Le premier avantage, c’est que la corde est facilement transportable. En effet, il est très simple de la glisser dans sa valise et d’y avoir accès en voyage d’affaires ou en vacances. Deuxièmement, c’est un entraînement anaérobique qui est court et transférable à beaucoup de sports. Elle développera les adaptations organiques comme l’endurance cardio-respiratoire, la résistance et même la force explosive, mais aussi la coordination, l’agilité, la précision et l’équilibre. 

Difficulté

Une des grandes difficultés du saut à la corde est d’augmenter la cadence (nombre de tours par minute), car il faut alors passer de déséquilibre à équilibre plusieurs fois par seconde. Il ne faut pas nécessairement sauter plus haut, mais être capable de maintenir la même hauteur avec un appel plus rapide ou même moins prononcé. Vous pouvez voir, en haltérophilie, course à pied et sport de combat, comment on peut facilement transférer cette capacité à s’équilibrer rapidement pour mieux appliquer notre potentiel de force. On sait tous que ce n’est pas le potentiel de force, mais bien l’application productive de ce potentiel qui sépare un athlète moyen d’un athlète élite. Par exemple, pour avoir une course plus efficace, il faut pouvoir trouver son équilibre dès qu’on dépose le pied au sol de façon à enchaîner directement le mouvement suivant au lieu de devoir passer de longues millisecondes à s’équilibrer. Sur un marathon, gagner 30 cm tous les 400 m nous fera terminer 1 km devant notre rival. C’est le même principe en haltérophilie. Il est facile de prendre son max en clean en partant du rack et de faire un front squat alors qu’il est très difficile d’arriver à réceptionner la barre en même temps que de trouver son équilibre. De plus, en haltérophilie tout comme en corde à sauter, il faudra être capable de synchroniser le haut du corps avec le bas. Alors voyons comment en 5 à 10 minutes, 3 fois semaines, vous pouvez utiliser cet outil pour améliorer votre forme physique.

Commençons par la base

Mesurez votre corde en plaçant un pied au sol, au milieu de la corde. Pour les débutants, les deux poignées arriveront au niveau de l’épaule, pour les intermédiaires au niveau des aisselles et les avancés au niveau de la poitrine. Plus la corde est courte, plus vous pourrez atteindre une haute cadence, mais moins ça pardonnera. 

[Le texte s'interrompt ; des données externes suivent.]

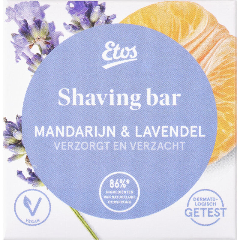 De etos shaving bar met kokosolie verzacht de huid tijdens het scheren. De natuurlijke milde werking van deze shaving bar geeft een extra glad scheerresultaat. De geur combinatie van Mandarijn, pepermunt en lavendel geeft een verkoelende en verfrissende beleving. De shaving bar kan even lang meegaan als twee 250ml shaving spuitbussen Dermatologisch getest Vegan In een wereld, die streeft naar duurzaamheid, zijn solid bars een doorbraak in je persoonlijke verzorging. Deze compacte, plasticvrije alternatieven zijn niet alleen vriendelijker voor het milieu, maar bieden ook tal van voordelen voor je huid en haar. Etos heeft diverse soorten in het assortiment, gemaakt van > 86 % ingredienten van natuurlijke oorsprong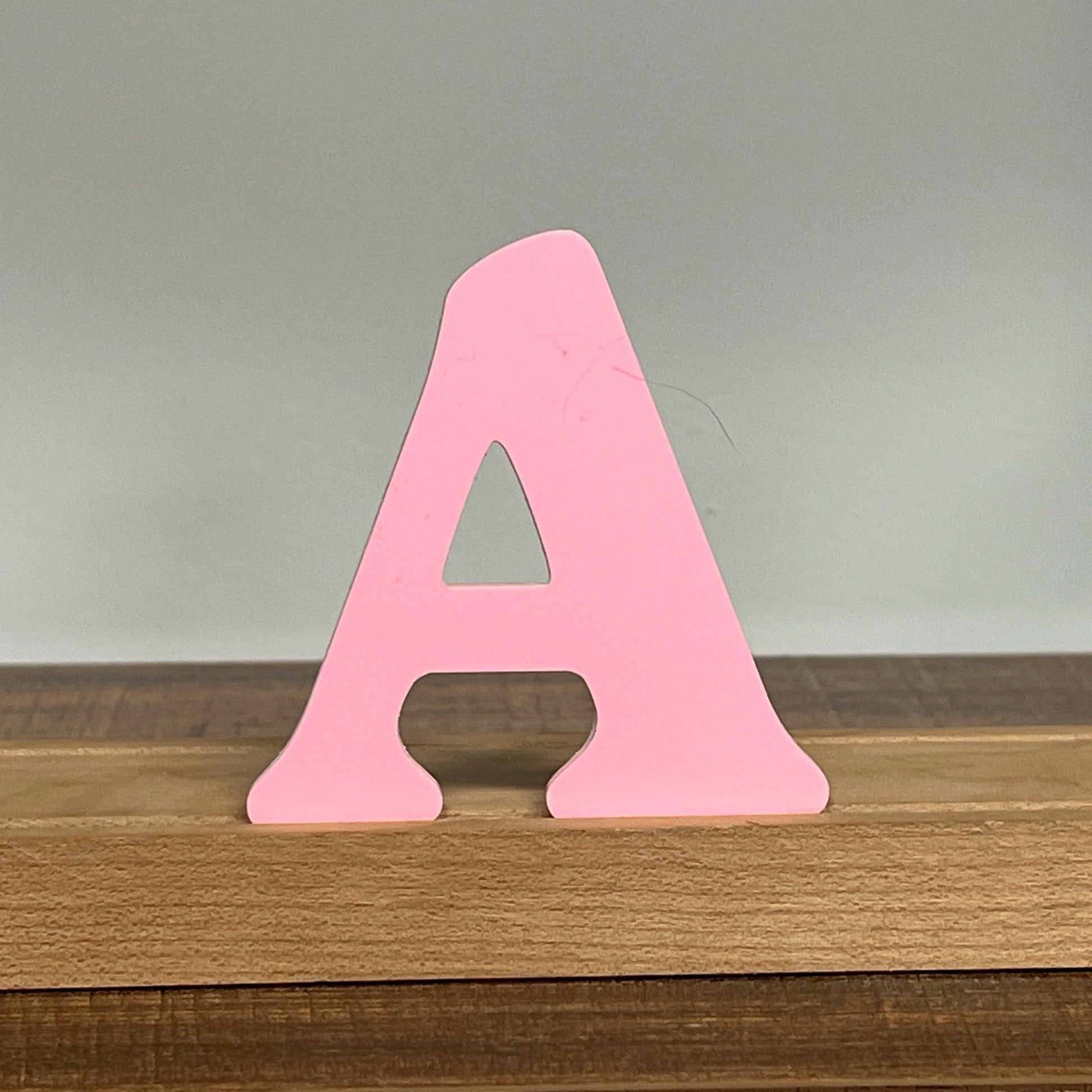 Letter bodies are 5” tall, in matte pastel pink acrylic, in a playful, serif typeface.

Le saut de base se fait les deux pieds ensemble, décollés de seulement 1,5 à 2 cm du sol. C’est la première étape : apprendre à sauter juste assez. Vous réduirez l’impact avec le sol tout en vous donnant la possibilité de faire facilement plus d’un saut par seconde et donc rapidement augmenter votre cadence et, par conséquent, l’intensité de votre entraînement (et les résultats). 

Le saut fantôme. Commencez par faire comme si vous tourniez la corde avec vos mains légèrement en avant de vos hanches (sans corde) et à la bonne hauteur de saut. Vous devriez apprendre à relaxer vos chevilles et augmenter la tolérance de vos mollets dans les premiers temps. La deuxième étape est de prendre les deux poignées de corde dans une main et de faire tourner la corde sur le côté du corps tout en synchronisant vos sauts. On vise un seul saut par révolution de la corde (il faut absolument proscrire les sauts parasites entre les passages de corde). 

Le saut parfait. La corde en main, faites un saut (à la bonne hauteur) en gardant les mains légèrement en avant des hanches et arrêtez. Faites en 2 puis 3 jusqu’à 10 sauts parfait. Filmez-vous ou utilisez un miroir pour vous assurer de sauter à la bonne hauteur et voir le positionnement de vos mains. L’objectif est d’arriver à atteindre 5 minutes de sauts simples en continu. Vous pouvez, au début, utiliser 3-4 fois par semaine cette séquence pour vous échauffer. Pour essayer autre chose, vous pouvez aussi travailler le saut alterné des pieds, mais attention de garder seulement 1,5 à 2 cm de saut.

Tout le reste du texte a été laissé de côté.